На столе появился остывший, еще утром сваренный в мундирах картофель, полбанки консервированных огурцов, две маленькие горбушки хлеба-эрзаца. Яков оправдывался:
— Вот только выпить нету ни грамма.
— Жаль, — бестактно осудил его непредусмотрительность Крамаренко. — Сейчас это было бы очень даже кстати. Отметили бы нашу встречу.
— Нету, Ваня.
Пододвинул поближе к другу блюдечко с солью — то, что в Киеве ценилось не ниже масла.
— Вообще, Яша, я пришел к тебе не за тем, чтобы наедаться, — внутренне сосредоточенный на чем-то, задумчиво начал Иван. — Пока что с голодухи не умираю. Давай лучше поговорим обо всем откровенно, как друзья, поговорим о том, что волнует каждого. Тебе известно о недавних арестах?
— Известно. — Ведя серьезный разговор, Яков смотрел в одну какую-нибудь точку. Это была его давняя привычка.
— И что думаешь по этому поводу?
— Трагедия, разумеется. Случается.
— И все?
— Что — все?
— Только трагедия?
— Не понимаю, чего ты домогаешься, Ваня?
Крамаренко нервно кусал губы.
— А я смотрю глубже, хочу выяснить причины трагедии. Два месяца организовывали подполье и так плохо все продумали, без должной проверки подбирали людей. Один провокатор выдал несколько десятков руководящих работников. Кто должен нести ответственность за эти провалы, ответственность перед погибшими и перед нами, пока что здравствующими, но рискующими завтра разделить участь погибших? Кто?
Яков на мгновение вскинул голову и тут же снова принял прежнее положение.
— Вопрос об ответственности будем ставить после, когда закончится война. А сейчас надо собирать силы, продолжать работу. Мы докажем гитлеровцам, что они слишком рано начали торжествовать. Борьба будет нелегкая: это ясно, но сплотимся и пойдем дальше. Помнишь крылатое: через тернии — к звездам...
— И второе, — словно не слушая собеседника, продолжал Иван. — Товарищи поплатились жизнью, а чего они добились? Разве оказали хотя бы малейшую помощь Красной Армии, хотя бы с маковое зернышко? Вряд ли. Значит, смерть их, считай, была бессмысленной. Теперь на очереди мы. Мы тоже погибнем, Яша. Не завтра, так послезавтра. Железная машина вермахта раздавит нас, как... как букашек.

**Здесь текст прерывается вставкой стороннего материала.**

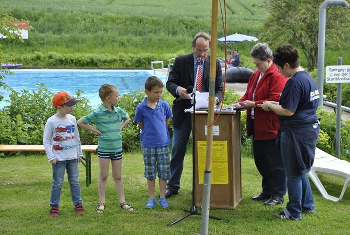 Das sonnige Frühlingswetter lockte viele Zuschauer zum offiziellen Anschwimmen und sie konnten aus den Grußworten von Hans-Heinrich Kardinal, 2. Vors. vom Trägerverein Süntelbad Haddessen, vom Stadtbürgermeister Herrn Krüger und dem Ortsbürgermeister Herrn Koch entnehmen, dass Rat und Verwaltung hinter dem Süntelbad Haddessen stehen und angesichts des hohen ehrenamtlichen Engagements, auch weiterhin Zuschüsse zum Betrieb des Süntelbades gezahlt werden sollen.
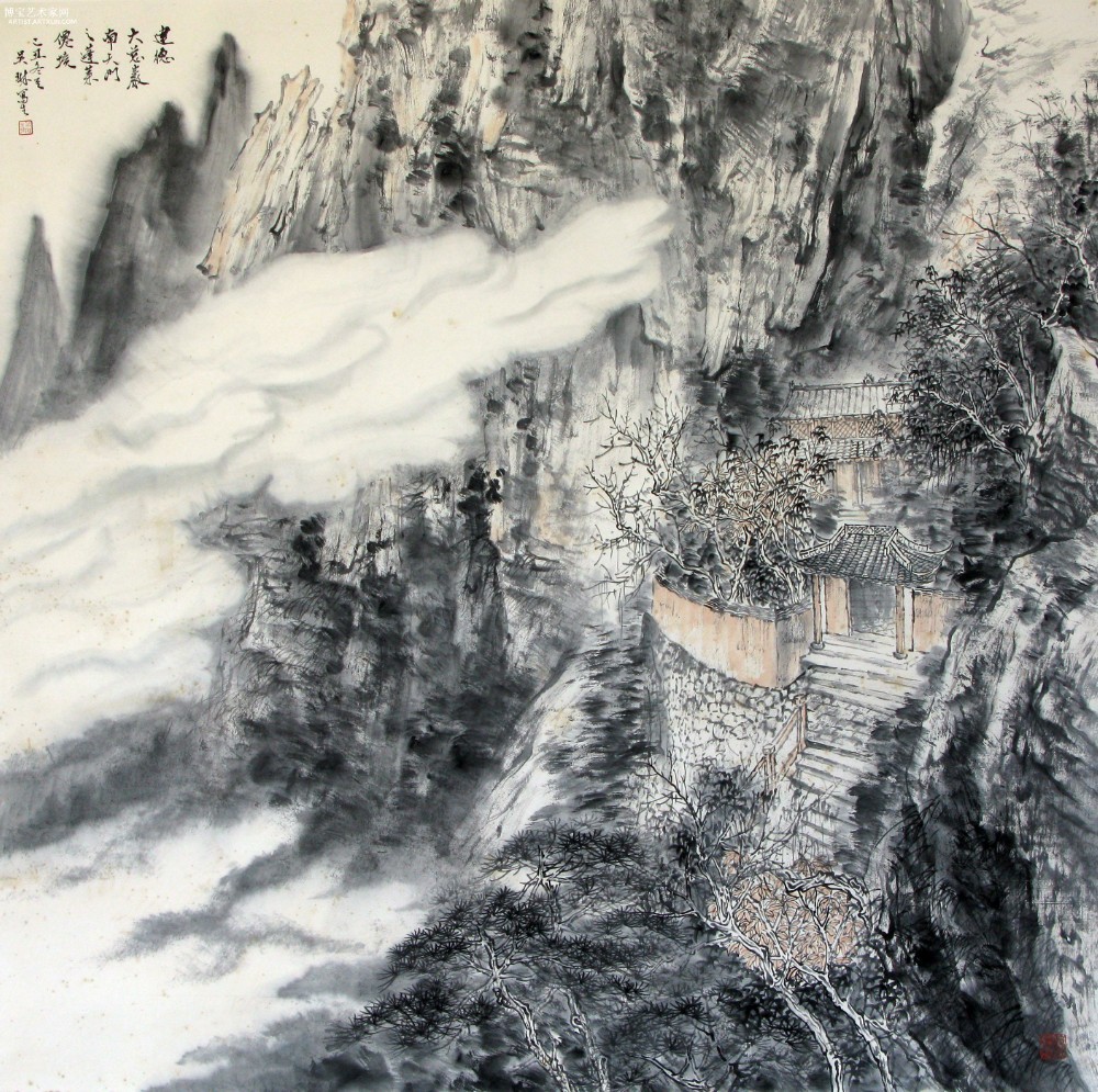 大慈岩南天门125*125cm(有画册出版) 吴琳作品笔灵墨透,通篇一体一气呵成,意境深远幽静,清奇灵透,墨法笔法精严,“师造化,得心源”可谓也。
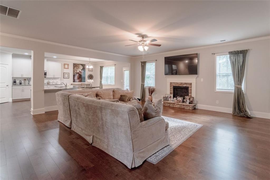 Welcome to your next home, this five-bedroom, four full bathroom, meticulously maintained home (by an owner with impeccable taste and attention to detail), a true gem in a vibrant neighborhood. The home features a bedroom and a full bathroom on the main level. The oversized owner's suite sits in its own corner offering an in-home space anyone will be happy to come home to. The bedroom features two sizable walk-in closets and a beautiful bathroom with a double vanity. Upstairs includes three additional bedrooms, one with its own ensuite bathroom and the other two bedrooms have a shared jack-and-jill bathroom between them. The loft upstairs offers an additional in-home lounging or entertainment space. If you enjoy the outdoors, the home features two back patios (one off the main level and one off the terrace level). If the main two levels aren't enough, you have the full unfinished 1,806 square foot basement, which can add to your living space. The possibilities are endless with this home! The home is within close walking distance to the community pool and clubhouse, making utilizing the amenities easy and convenient. To sweeten up this deal, the owner is willing to include some of the furniture as well as a car! Enjoy a rare, stunning view of Tyler Perry’s compound from this immaculate, move-in-ready home in one of Douglasville’s most sought-after communities. Tributary Village offers year-round activities — from holiday porch crawls, book clubs, and food truck nights to swim/soccer lessons, Screen on the Green, and more.
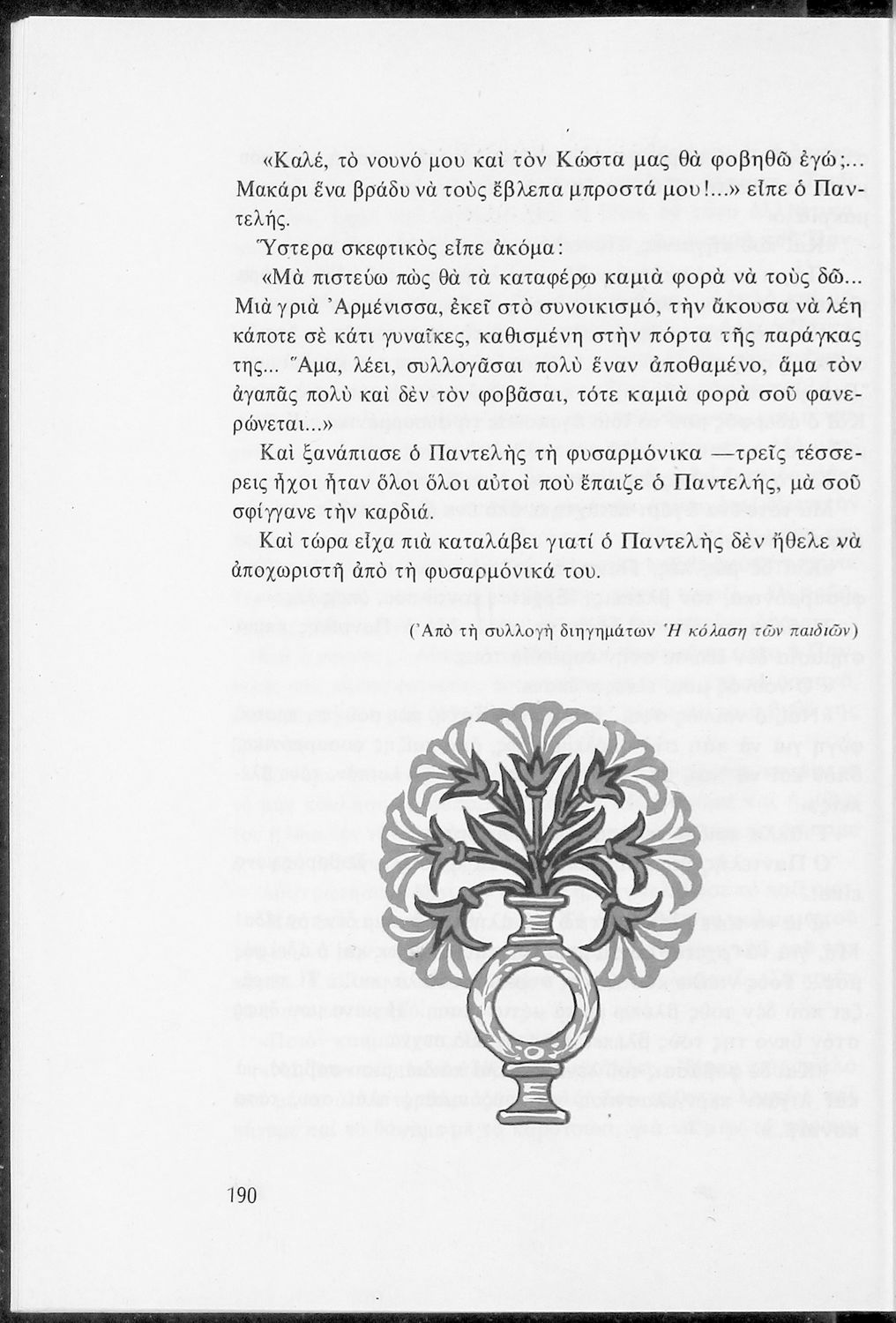 520 ## _aΑναγνωστικό για τις Ε΄ και ΣΤ΄ Δημοτικού που αποτελείται από πεζά και ποιήματα Ελλήνων συγγραφέων εμπνευσμένα από την καθημερινότητα των παιδιών και των οικογενειών τους, την ελληνική ιστορία, τις οικογενειακές στιγμές και εορτές, το παιχνίδι και την εθνική παράδοση, και δημοτικά και ακριτικά τραγούδια. Περιέχει και 5 κείμενα γραμμένα στην καθαρεύουσα με θέματα από τον κοινωνικό και εθνικό βίο.
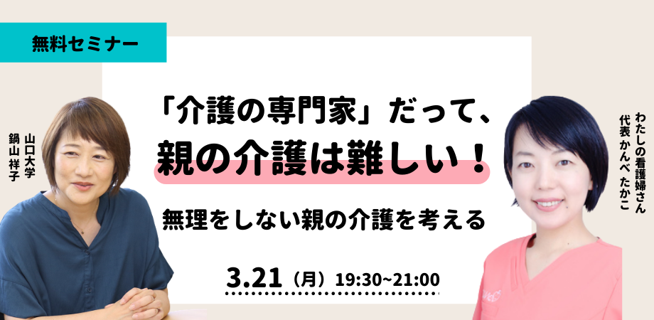研究と介護現場の最前線で活躍する「介護の専門家」と「親の介護」を考えるオンラインセミナー。親の介護に悩む現役世代のみなさま、介護保険外サービスに興味のある介護士・看護師のみなさんの参加を募集中!

— О солдатах вермахта тоже можно сказать, что они — букашки.
— Погоди. А мне всего двадцать семь лет, и я жить хочу, — поторопился высказаться Иван. — Хочу видеть жену, дочку, мечтаю быть полезным своей Родине, отдать ей приобретенные знания. А как живут те, кого оставили в подполье? Чуть ли не нищенствуют, на базарах за вещи выменивают продукты. Хорошо им приказывать по радио: «Усиливайте борьбу»... Попробовали бы сами в этих условиях. Ты меня слушаешь, Яша?
— Да, да.
Иван все более возбуждался:
— Говорят, были созданы большие запасы продовольствия, ценностей. Где все это? Накрылось. Накрылось в первые дни оккупации. А как же нам усиливать борьбу? Голодая вместе со всеми киевлянами? Признаюсь тебе откровенно, Яша... Ты слушаешь?
— Говори.
— Иногда мне кажется, что нас считают простачками...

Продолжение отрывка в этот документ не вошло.